* [EXERCISE GOAL]: Your output should be the lines below from the one with "Sussex Air Ambulance" through the one with "βράδυ της Τρίτης.", copied exactly, pictures excluded.

Records excerpted from a collection
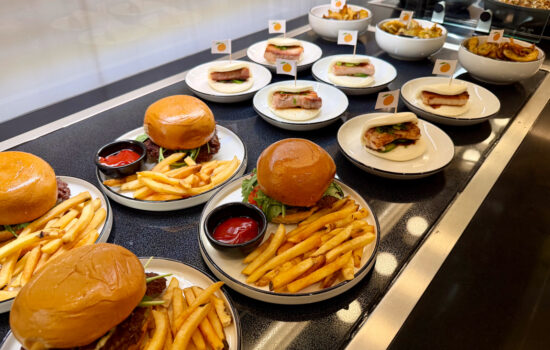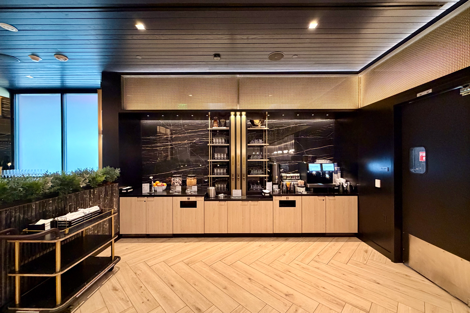 There’s also a large drink station flanking one end of the buffet, where you’ll find Eversys coffee machines and other nonalcoholic pours.
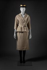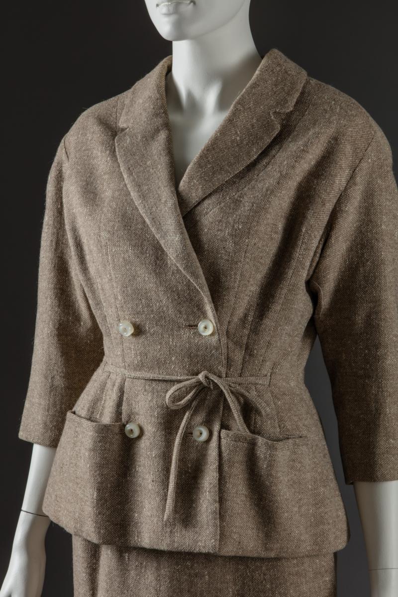 Dubbelknäppt jacka med krage, markerad midja och 3/4 ärm. Snäv kjol i två våder varav den ena är bredare och täcker framstycket och en del av baksidan med en sidosöm och söm mitt bak. Kjolen är fodrad med gräddvitt siden.
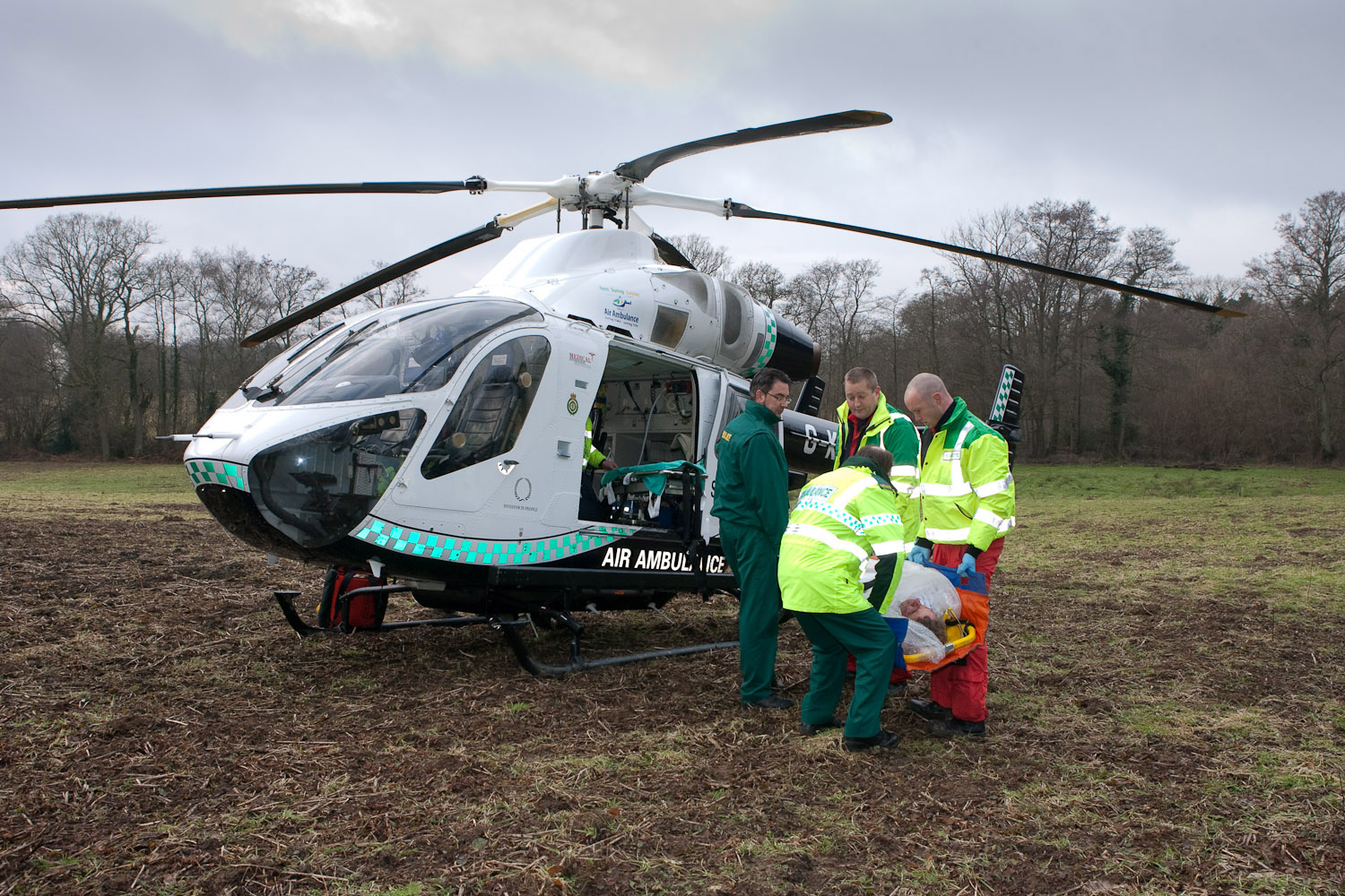 Sussex Air Ambulance attend accident at cyclocross bike race at Walstead School, near Lindfield.
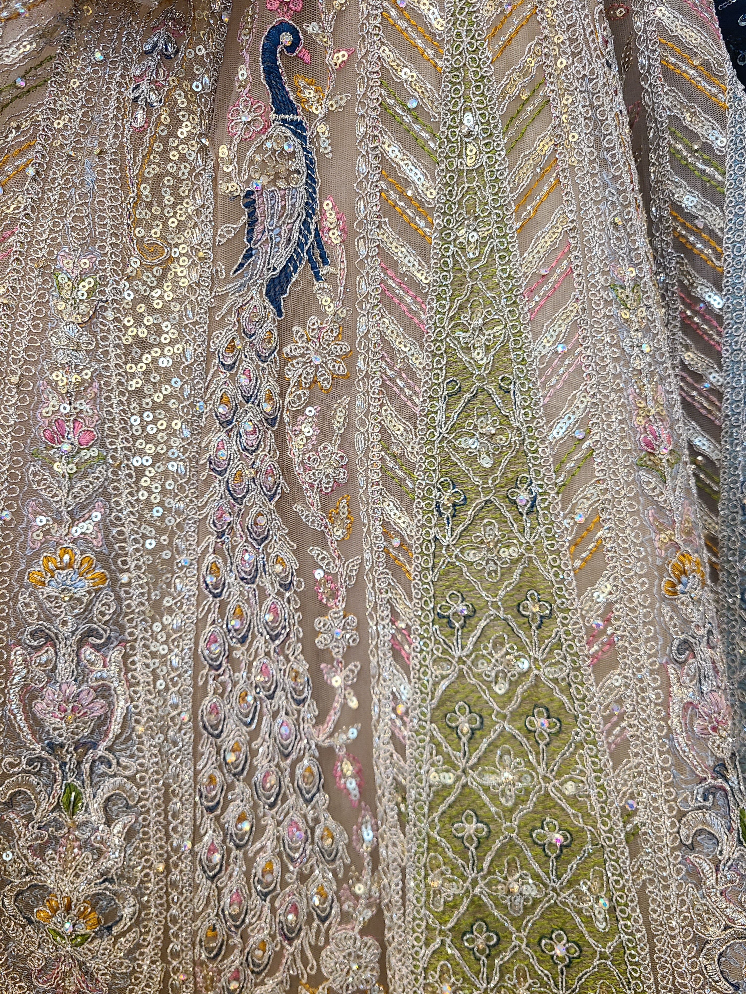 Champagne Peacock Net Lehenga - Luxe Bridal Collection
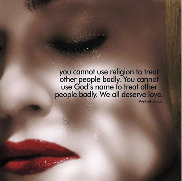«Δεν μπορείς να χρησιμοποιείς τη θρησκεία ως δικαιολογία για να συμπεριφέρεσαι άσχημα σε άλλους ανθρώπους. Δεν μπορείς να συμπεριφέρεσαι άσχημα με πρόσχημα τον Θεό. Ολοι αξίζουμε την αγάπη» έγραφε η φωτογραφία που απεικόνιζε την ίδια και αναρτήθηκε το βράδυ της Τρίτης.
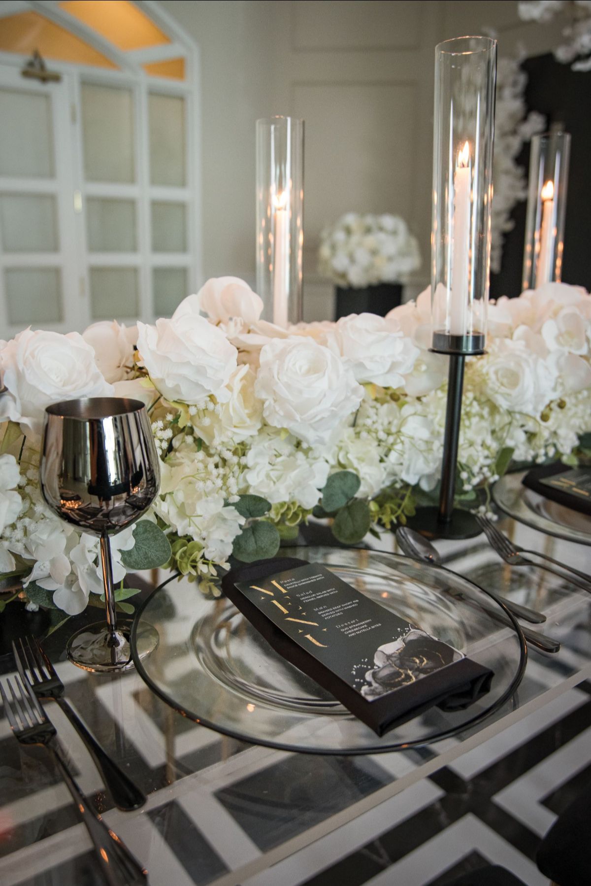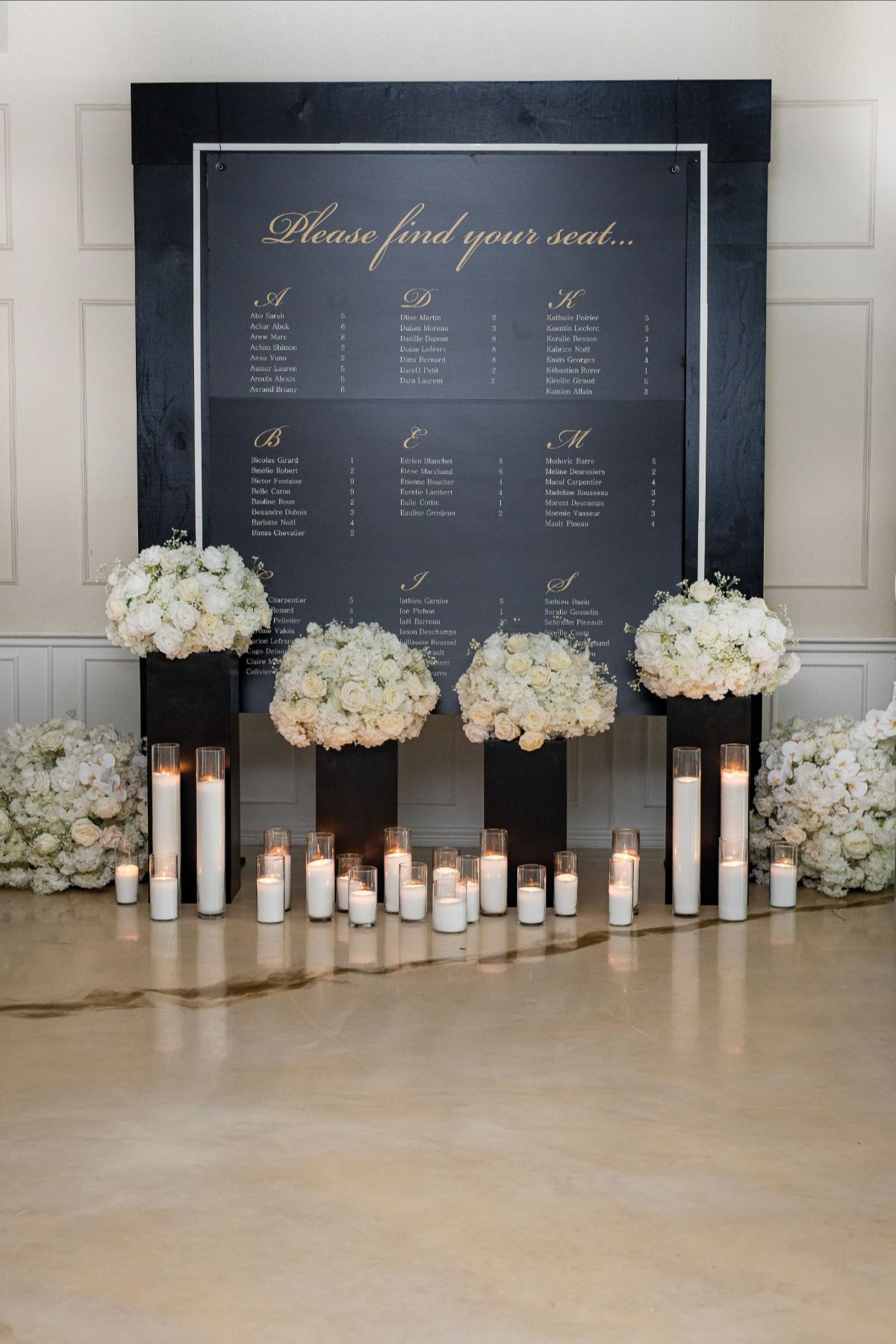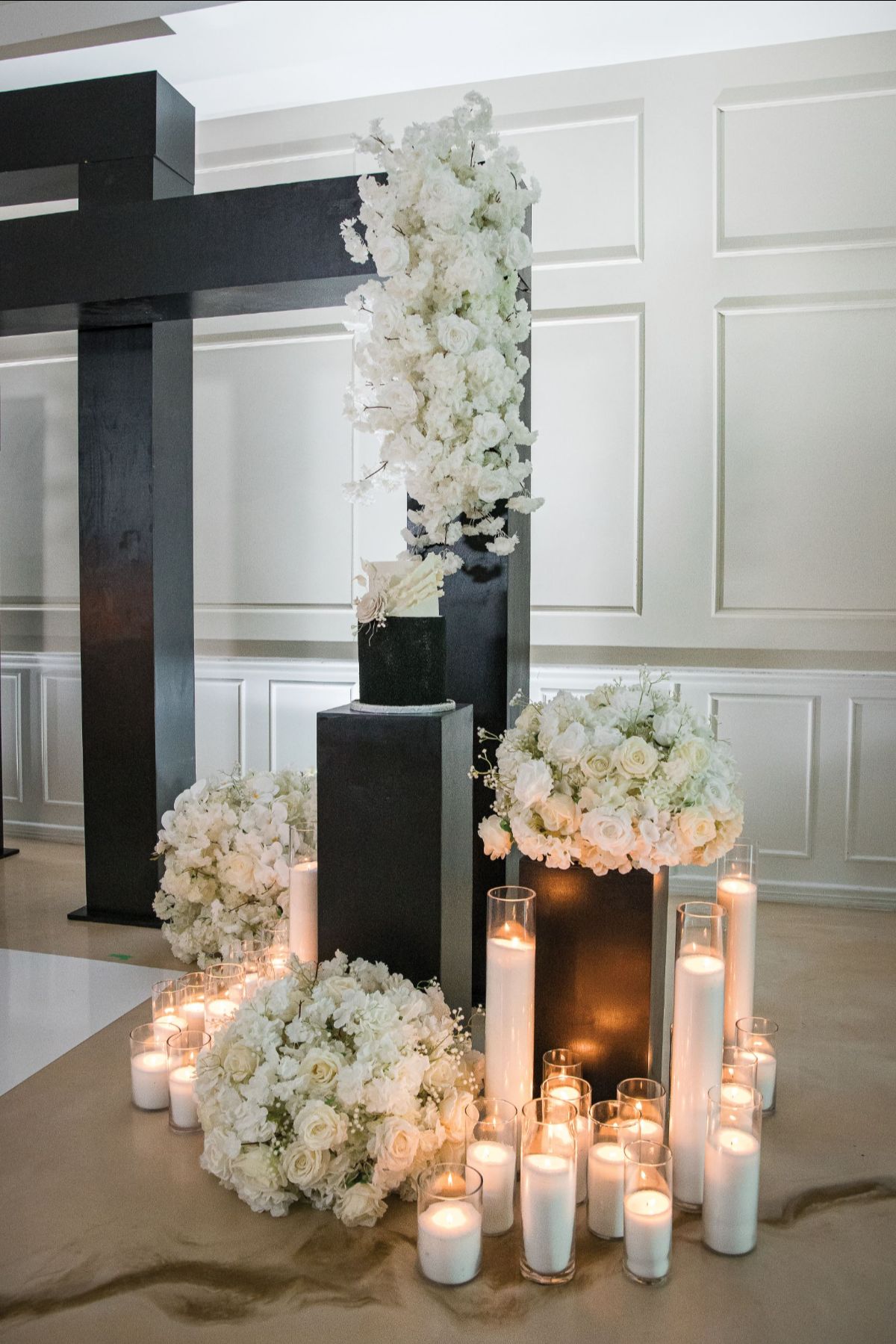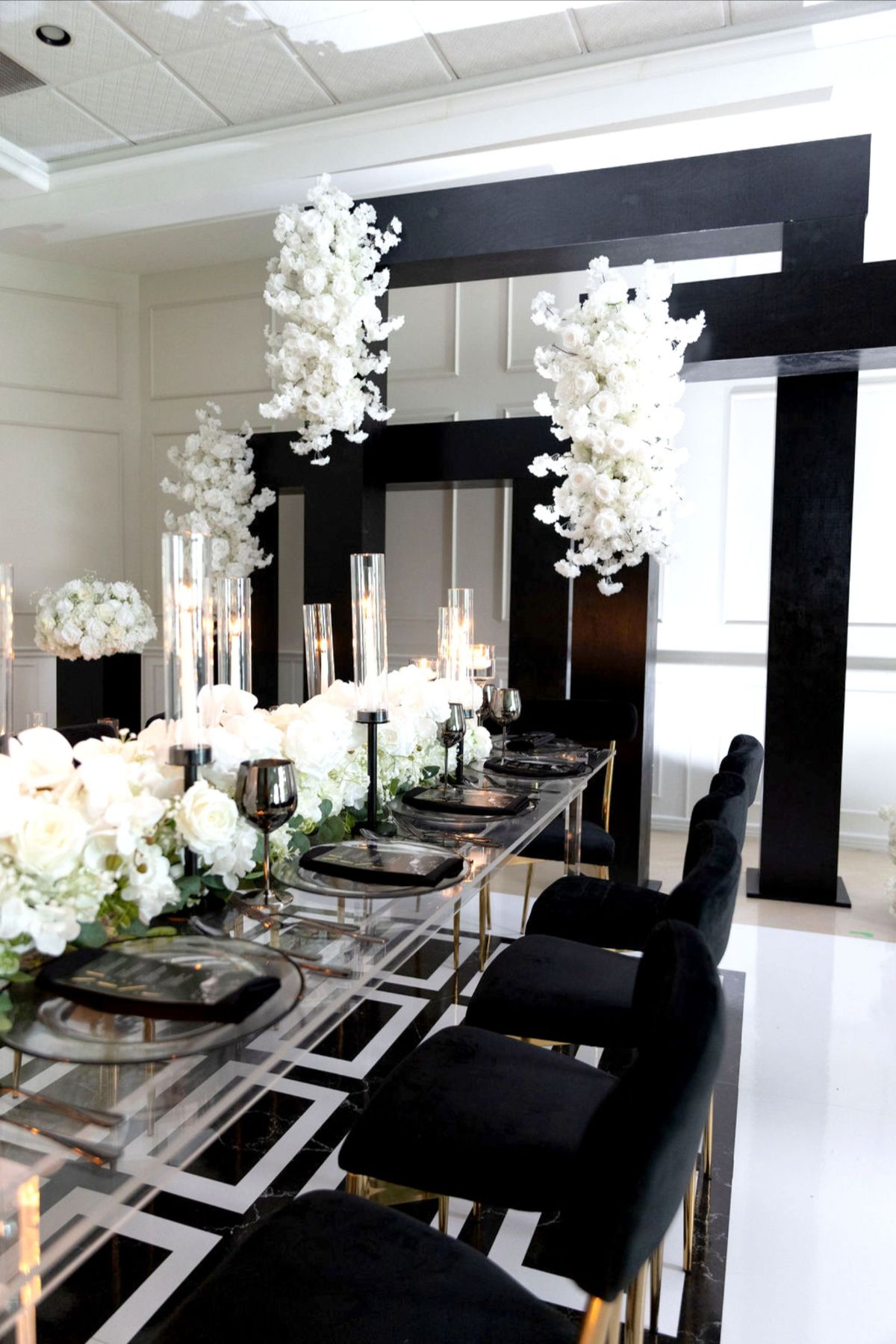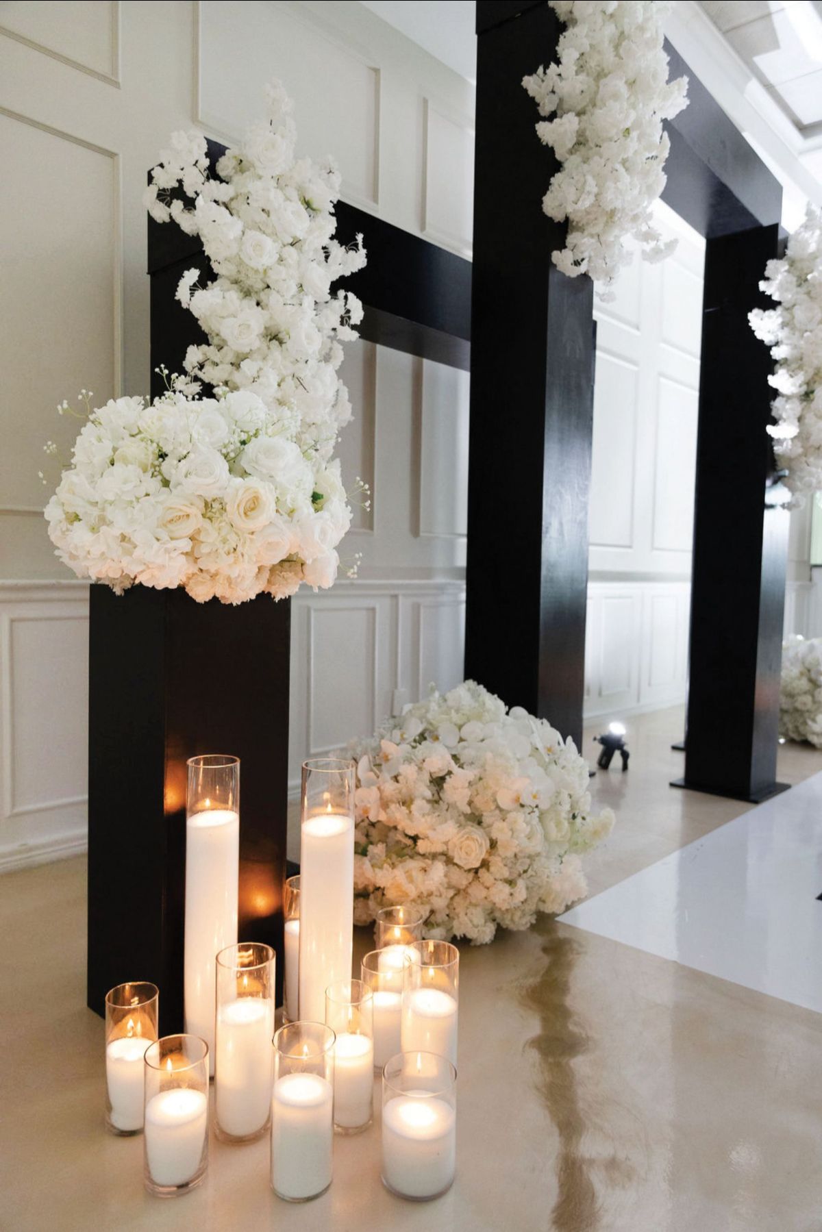 The all-white blooms add romance and balance, ensuring the luxury design never feels too stark. Whether styled overhead, grounded at the base of the frames, or arranged along the table, the florals bring movement and texture to the space.

* [FINAL ANSWER]:
 Sussex Air Ambulance attend accident at cyclocross bike race at Walstead School, near Lindfield.
 Champagne Peacock Net Lehenga - Luxe Bridal Collection
«Δεν μπορείς να χρησιμοποιείς τη θρησκεία ως δικαιολογία για να συμπεριφέρεσαι άσχημα σε άλλους ανθρώπους. Δεν μπορείς να συμπεριφέρεσαι άσχημα με πρόσχημα τον Θεό. Ολοι αξίζουμε την αγάπη» έγραφε η φωτογραφία που απεικόνιζε την ίδια και αναρτήθηκε το βράδυ της Τρίτης.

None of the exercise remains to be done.